● **Required action**
Print the listing in its entirety and exactly, leaving out images.

● **Information supplied**
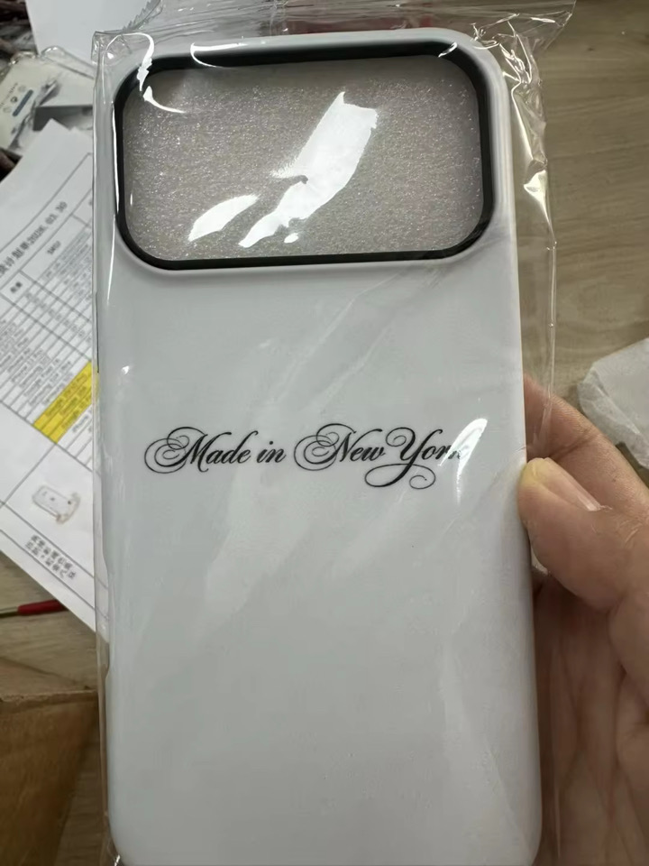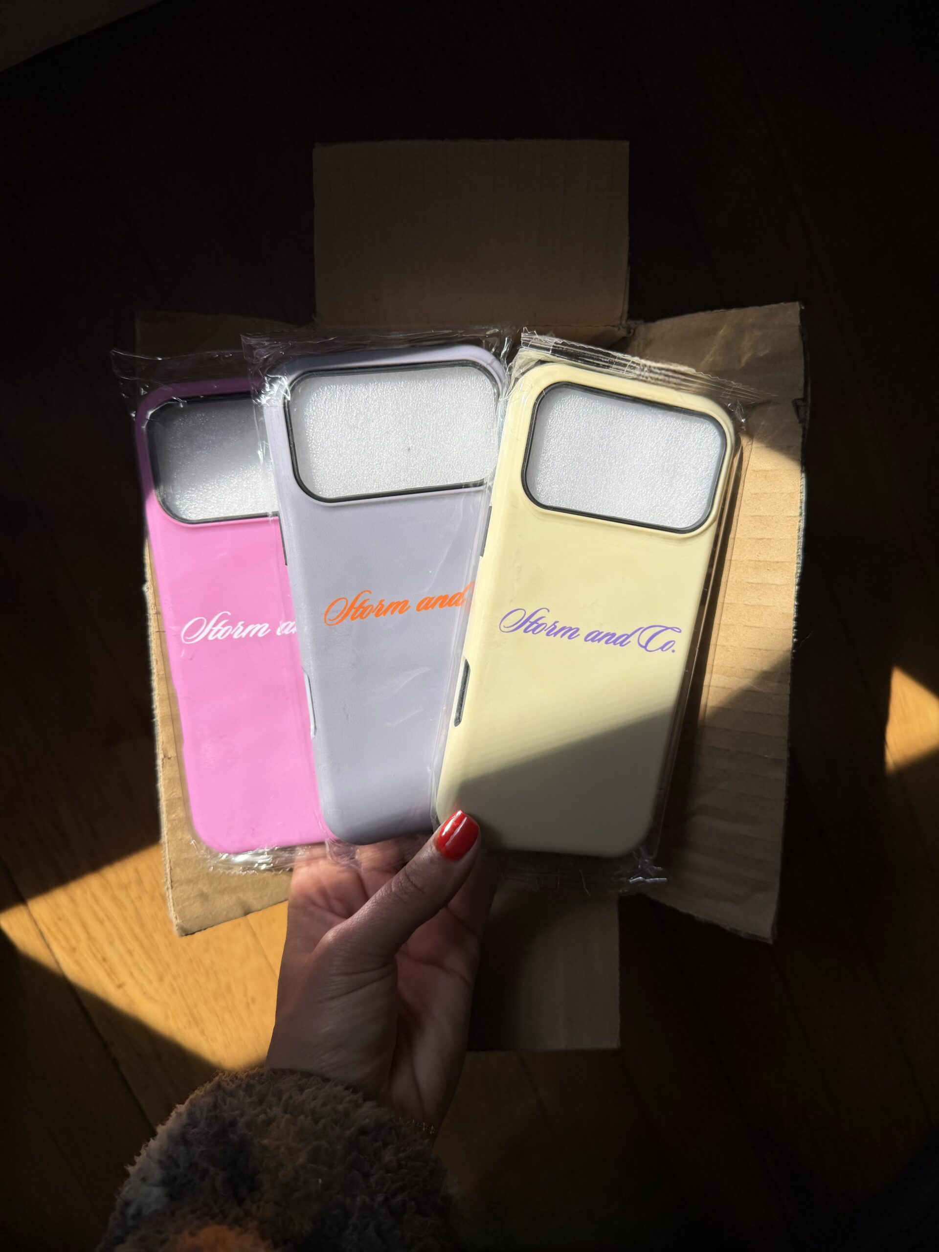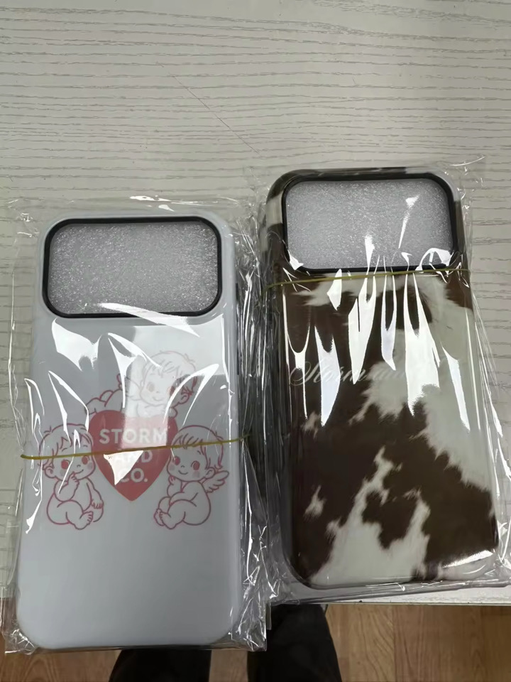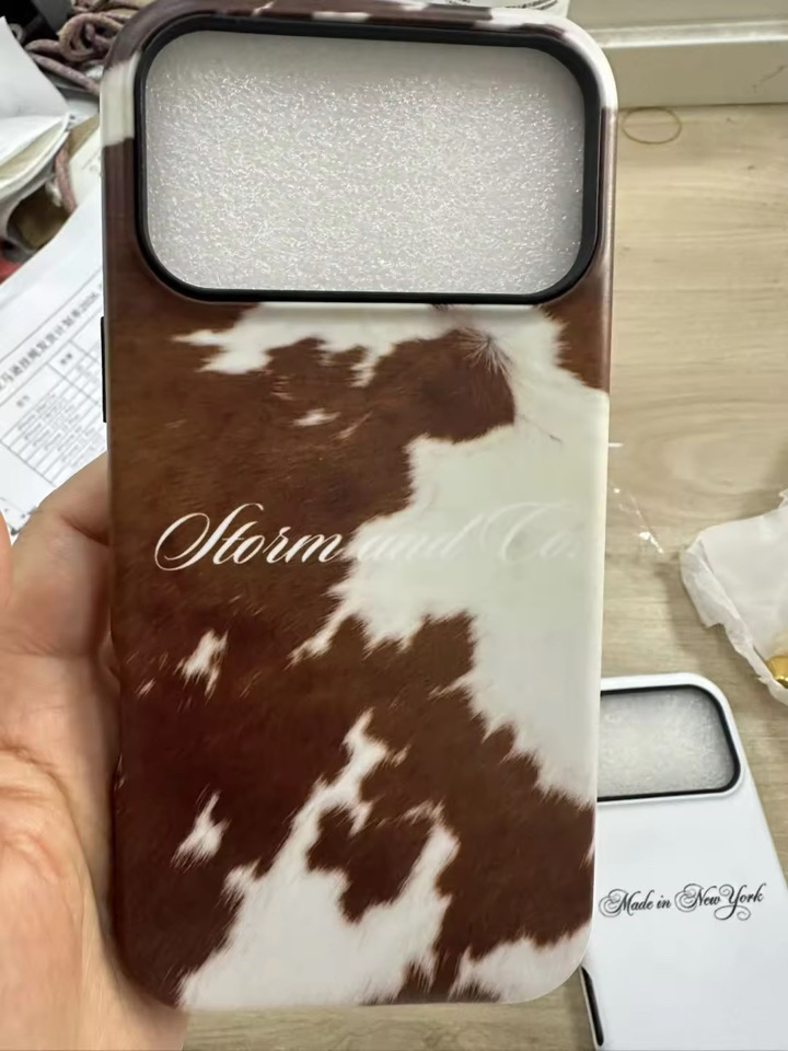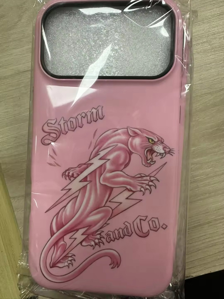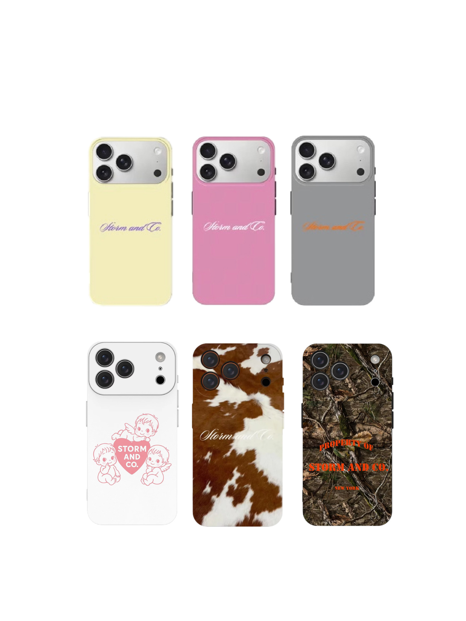 PINK CHERUBS, PINK PANTHER, BUTTER YELLOW ( purple font ), GRAY ( orange font ), PINK ( white font ), MADE IN NEW YORK ( matte finish ), COWHIDE LOGO CASE
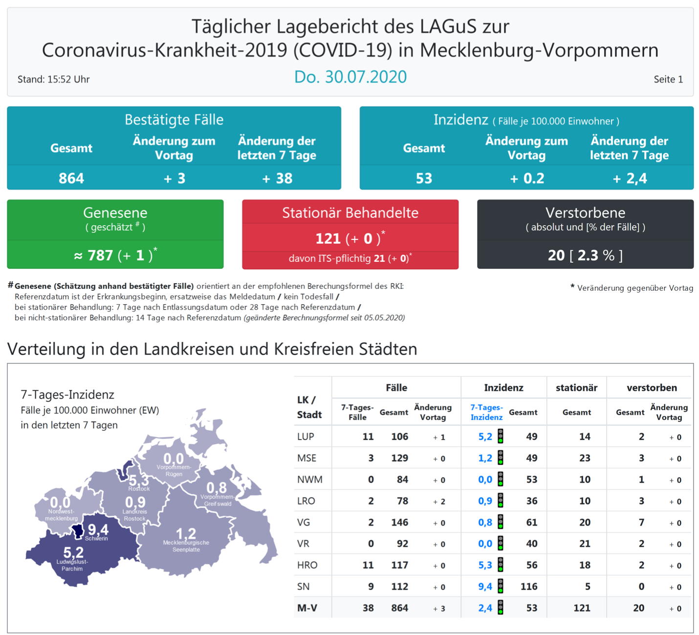 Laut einer Schätzung des Robert Koch-Instituts (RKI) sind in Mecklenburg-Vorpommern 787 Personen der positiv getesteten Menschen von einer Covid-19-Erkrankung genesen. Insgesamt gab es bislang 20 Todesfälle im Land. Landesweit müssen oder mussten den Angaben zufolge 121 Menschen in Kliniken behandelt werden – 21 von ihnen auf Intensivstationen.
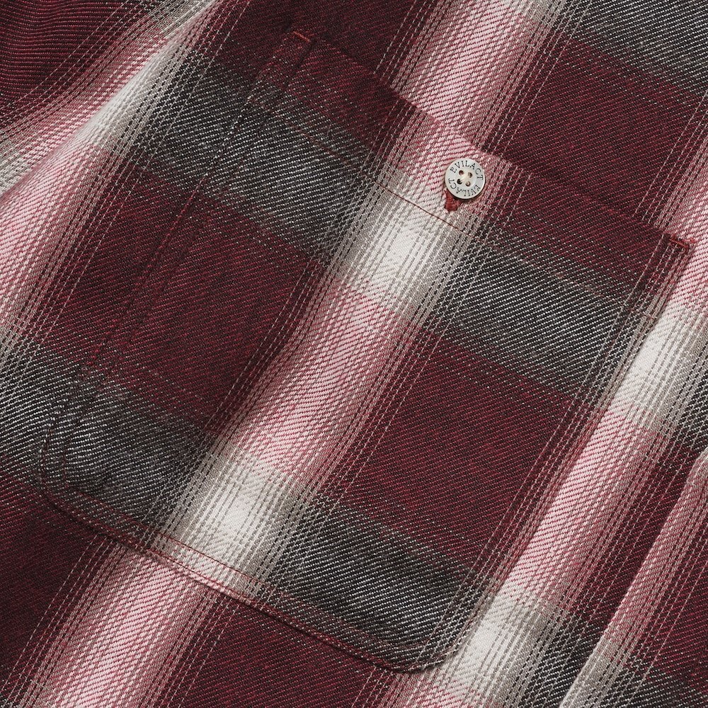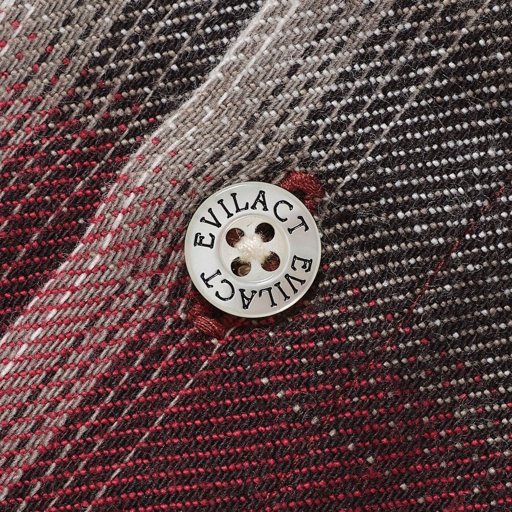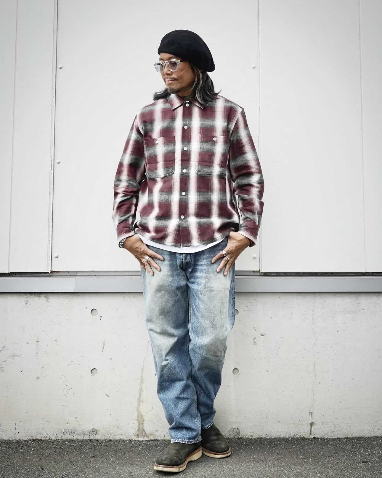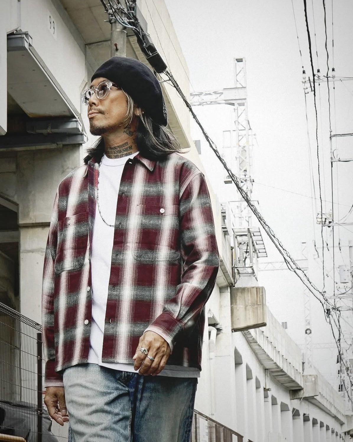 台襟を無くしたオープンカラーのパターンを使用する事により着用時のエリ周りが すっきりとしたデザインが特徴的なBOX型のチェックシャツ。

● **Answer section**
 PINK CHERUBS, PINK PANTHER, BUTTER YELLOW ( purple font ), GRAY ( orange font ), PINK ( white font ), MADE IN NEW YORK ( matte finish ), COWHIDE LOGO CASE
 Laut einer Schätzung des Robert Koch-Instituts (RKI) sind in Mecklenburg-Vorpommern 787 Personen der positiv getesteten Menschen von einer Covid-19-Erkrankung genesen. Insgesamt gab es bislang 20 Todesfälle im Land. Landesweit müssen oder mussten den Angaben zufolge 121 Menschen in Kliniken behandelt werden – 21 von ihnen auf Intensivstationen.
 台襟を無くしたオープンカラーのパターンを使用する事により着用時のエリ周りが すっきりとしたデザインが特徴的なBOX型のチェックシャツ。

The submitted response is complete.